Rebooting computing is an IEEE-led initiative and research agenda that addresses the fundamental physical and architectural limits facing conventional silicon computing. For decades, progress in computer performance followed Moore's Law, the observation that transistor density on an integrated circuit doubles roughly every two years, and Dennard scaling, which held that power consumption per transistor fell as devices shrank. Both trends have stalled: transistors are approaching atomic dimensions, voltage scaling has halted, and power density has become a primary constraint. Rebooting computing asks what computer architectures, devices, and algorithms must look like when the classical scaling roadmap is no longer available.
The initiative spans semiconductor physics, computer architecture, algorithm design, and systems software. It does not prescribe a single successor technology but instead frames a set of open problems and invites the research community to pursue parallel paths toward energy-efficient, high-performance computation well beyond what conventional CMOS can deliver.
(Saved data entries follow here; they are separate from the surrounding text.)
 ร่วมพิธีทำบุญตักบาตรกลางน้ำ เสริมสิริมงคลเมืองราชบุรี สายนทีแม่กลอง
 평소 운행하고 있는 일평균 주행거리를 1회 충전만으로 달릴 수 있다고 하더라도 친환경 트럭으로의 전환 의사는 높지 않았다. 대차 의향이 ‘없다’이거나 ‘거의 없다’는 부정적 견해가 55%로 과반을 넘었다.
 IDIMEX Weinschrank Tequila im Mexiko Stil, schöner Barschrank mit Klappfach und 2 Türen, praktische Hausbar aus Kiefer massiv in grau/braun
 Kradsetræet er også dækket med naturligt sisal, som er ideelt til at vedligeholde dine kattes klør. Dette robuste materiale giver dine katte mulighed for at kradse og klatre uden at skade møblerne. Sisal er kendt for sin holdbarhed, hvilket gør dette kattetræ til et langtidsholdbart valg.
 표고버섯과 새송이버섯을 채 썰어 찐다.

Energy Efficiency and Post-Moore Challenges
Energy per operation has become the dominant design metric in computing. Data center electricity consumption is a significant and growing fraction of global power use, and the energy cost of moving data between processor and memory frequently exceeds the cost of the arithmetic operation itself. The IEEE Rebooting Computing initiative catalogs the physical limits of silicon CMOS and frames the gap between current capabilities and the demands of emerging workloads such as large-scale machine learning and real-time sensor fusion.
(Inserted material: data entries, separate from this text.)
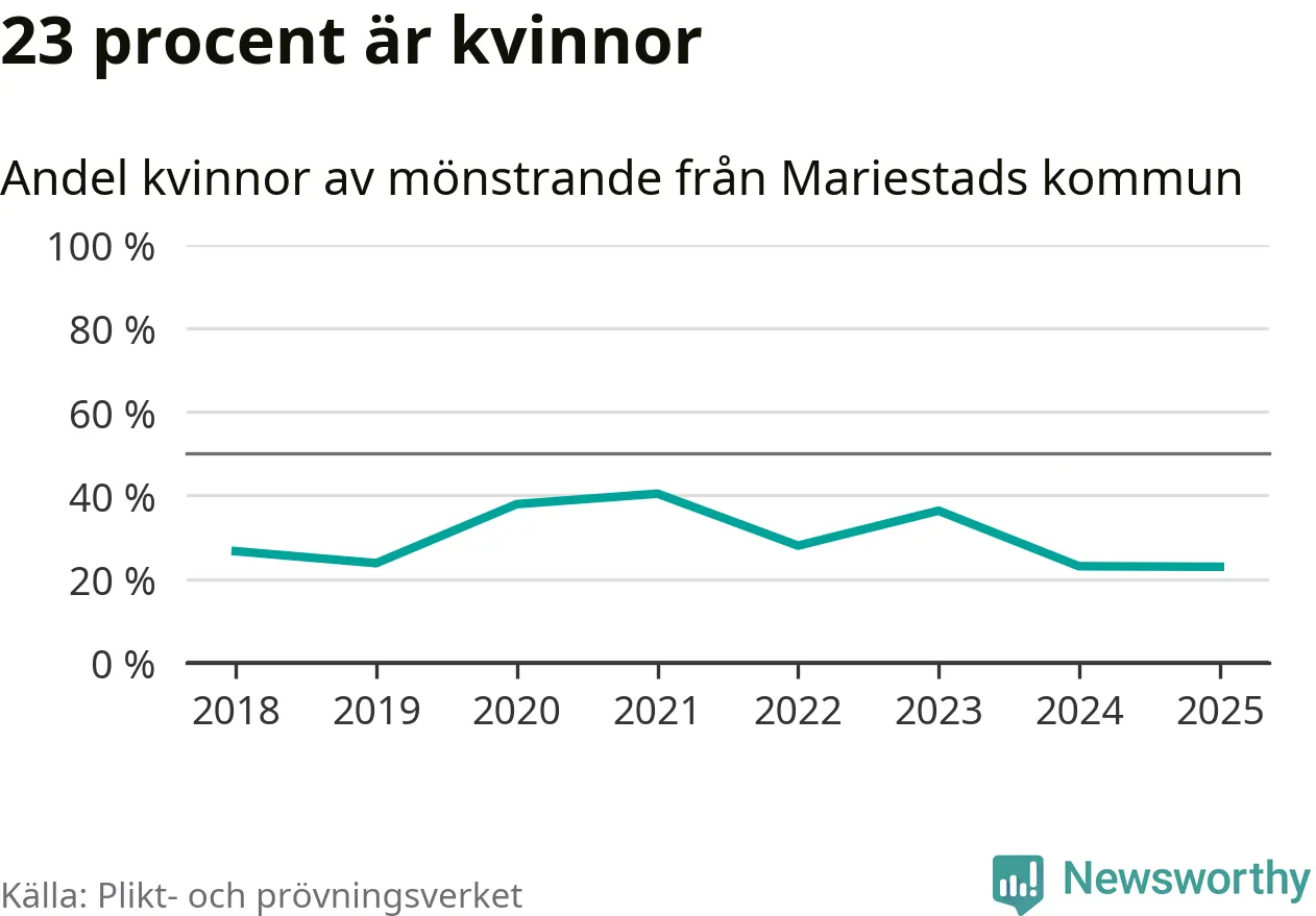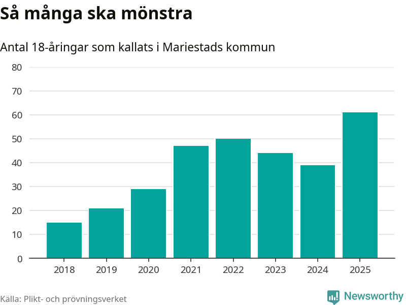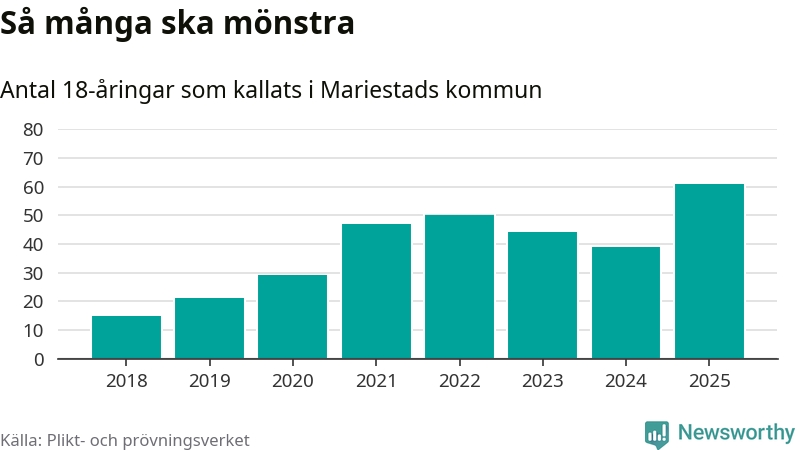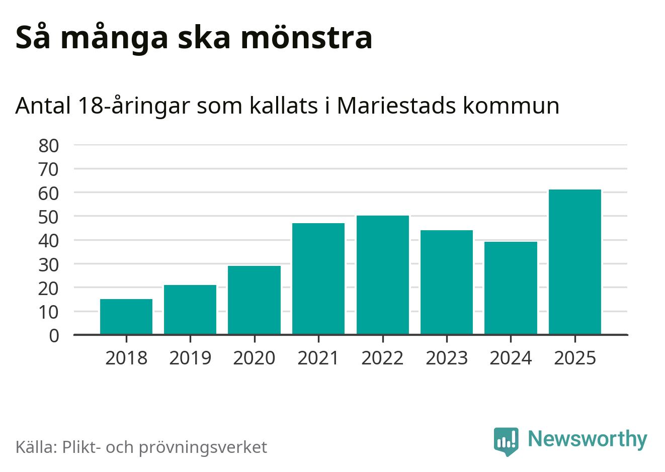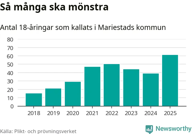 61 personer är det högsta antalet kallade i Mariestad sedan 2018, som är första året med statistik på kommunnivå (värnplikten återinfördes 2017), och 22 mönstrande fler än 2024. Totalt från Västra Götalands län kallas 4 523 personer i år.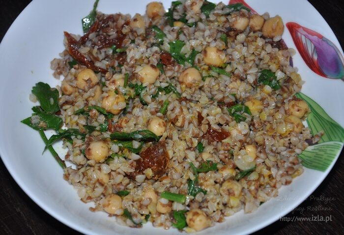Kolejny przepis na kaszę gryczaną. Proste szybkie danie, gdy masz ugotowaną kaszę i cieciorkę. Jeżeli robisz np kotlety z cieciorki możesz zostawić trochę ciecierzycy, lub w ostateczności wykorzystać cieciorkę z puszki …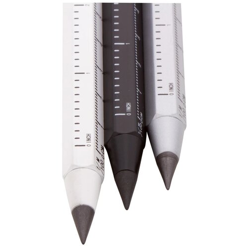 Inktloze pen met liniaal gemaakt van gerecycled aluminium. De pen schrijft zonder inkt door het papier te oxideren en is uitwisbaar. Met een zeshoekige houder waarin een liniaal van 11 cm en 4 inch is verwerkt. De pen is leverbaar in zilver, wit en zwart. Je kunt de voor- en achterkant van de inktloze pen met liniaal bedrukken of graveren met jouw eigen ontwerp.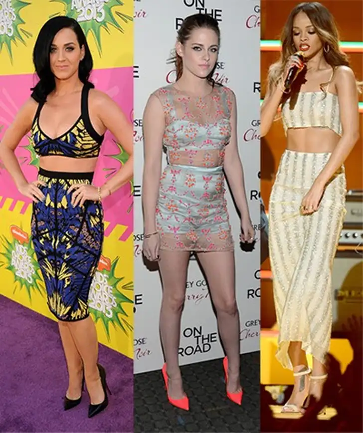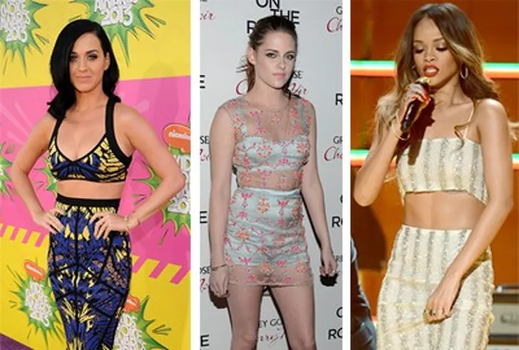 Miss Perry draagt een kleurrijk exemplaar van Hervé Léger, Kristen draagt een Erdem-jurk met neon-accenten en Rihanna een Luciano Soprani-jurk tot aan de enkels. Vorige week liet ook Victoria's Secret Angel Karlie Kloss haar middenrif zien. Bekijk haar look hier.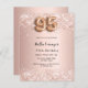 En modern, snyggt och glamorös inbjudan till 95:e födelsedagsfesten. Ro guld med konetti.namn är skrivet med ett handskript i stil. Anpassa och lägg till information om party. Nummer 95 är skript med stil som ballong. 1 lakan = 1 inbjudan tryckt kant till kant.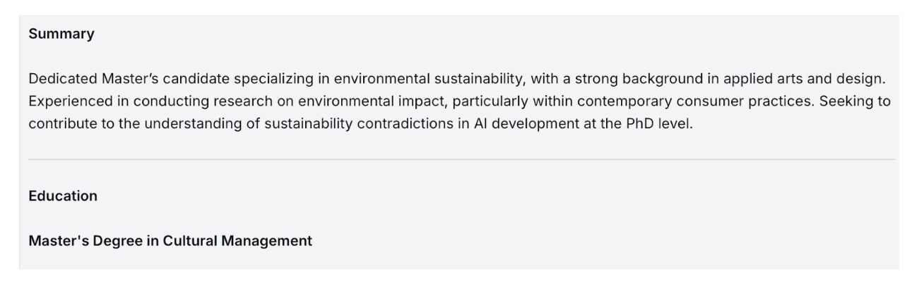 Kite AI رزومه را تحلیل کرد و تجربههای مرتبط با محیطزیست و پایداری را برجسته کرد.

Approximate computing, near-memory processing, and 3D chip stacking are near-term architectural responses that improve energy efficiency within the silicon paradigm. They reduce data movement, allow parallelism to be exploited locally, and trade small amounts of output accuracy for significant power savings in applications that are naturally tolerant of numerical imprecision.
Neuromorphic Computing
Neuromorphic computing draws on the architecture of biological neural circuits to build processors that perform pattern recognition and inference at energy levels orders of magnitude below those of conventional von Neumann machines. Neuromorphic chips implement spiking neural networks in silicon, using spike timing rather than precise analog or digital values to encode and transmit information. Intel's Loihi and IBM's TrueNorth are research prototypes that demonstrate low-power inference for sensory processing tasks. Research on neuromorphic systems explores both the hardware implementation and the learning algorithms needed to program spiking networks, including spike-timing-dependent plasticity and surrogate gradient methods.
Beyond-CMOS Architectures
Several device technologies are under investigation as long-term successors to or complements of CMOS transistors. Spintronic devices exploit the quantum mechanical spin of electrons rather than charge, offering the potential for non-volatile logic that retains state without power. Tunnel field-effect transistors (TFETs) use quantum tunneling to achieve sub-threshold swings below the 60 mV/decade thermal limit of conventional MOSFETs, enabling lower supply voltages. Carbon nanotube transistors and two-dimensional materials such as molybdenum disulfide offer high carrier mobility at reduced dimensions.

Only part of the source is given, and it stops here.